In questi giorni un grande evento si sta svolgendo proprio qui in Vaticano: l'Assemblea Speciale del Sinodo dei Vescovi, dedicata all'evangelizzazione in Africa. Si può avvertire così, in maniera ancor più incisiva, quanto sia universale la famiglia dei credenti e quanto importante sia il servizio alla verità e all'unità che il Successore di Pietro è chiamato a svolgere con il suo Universale Ministero Apostolico. Vi invito a pregare per questo. Come pure vi esorto tutti a vivere intensamente il clima della Santa Pasqua, da poco celebrata, che si prolunga durante l'intero tempo liturgico pasquale e caratterizza anche l'odierno nostro incontro, rendendolo più festoso e spirituale. "Il Signore è veramente risorto, Alleluja!", ripete la liturgia. Il Risorto è presente nella sua Chiesa e la guida con la forza del suo Spirito.

So che alcuni di voi stanno per ricevere, od hanno da poco ricevuto, la santa Comunione o il sacramento della Cresima.
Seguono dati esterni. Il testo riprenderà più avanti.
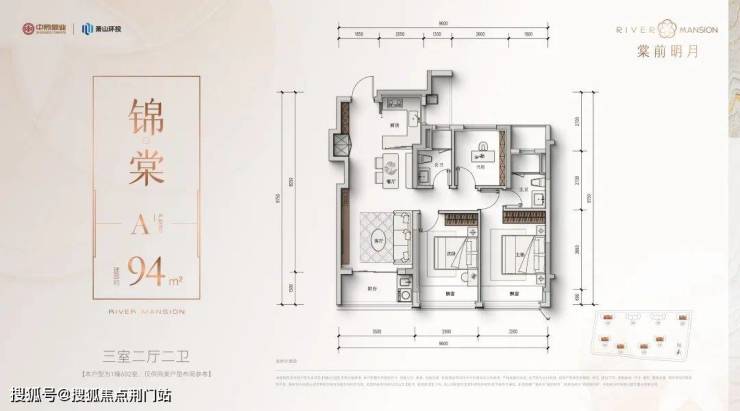 建面约94方三房两卫:
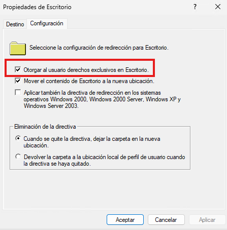 Crear una Directiva de Grupo (GPO) a nivel de usuario para redirigir las carpetas del cliente al recurso compartido.
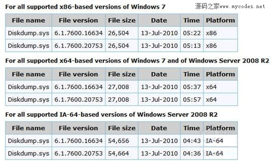 微軟此次發(fā)布的熱修復(fù)補(bǔ)丁編號為KB2249857,適用于Windows 7、Windows Server 2008 R2的各個版本,安裝后Diskdump.sys驅(qū)動文件的版本號會從6.1.7600.16634升級為6.1.7600.20753。

Sappiate accogliere con amore, carissimi, il Signore che si dona a voi nei segni sacramentali, e siate testimoni di Cristo, trasmettendo ai vostri coetanei, con la parole e l'esempio, i perenni valori del Vangelo.


2. Saluto cordialmente ciascuno di voi, particolarmente i numerosi gruppi di alunni e studenti, provenienti da varie regioni d'Italia. Vi invito tutti ad impegnarvi seriamente nella formazione umana, culturale e spirituale.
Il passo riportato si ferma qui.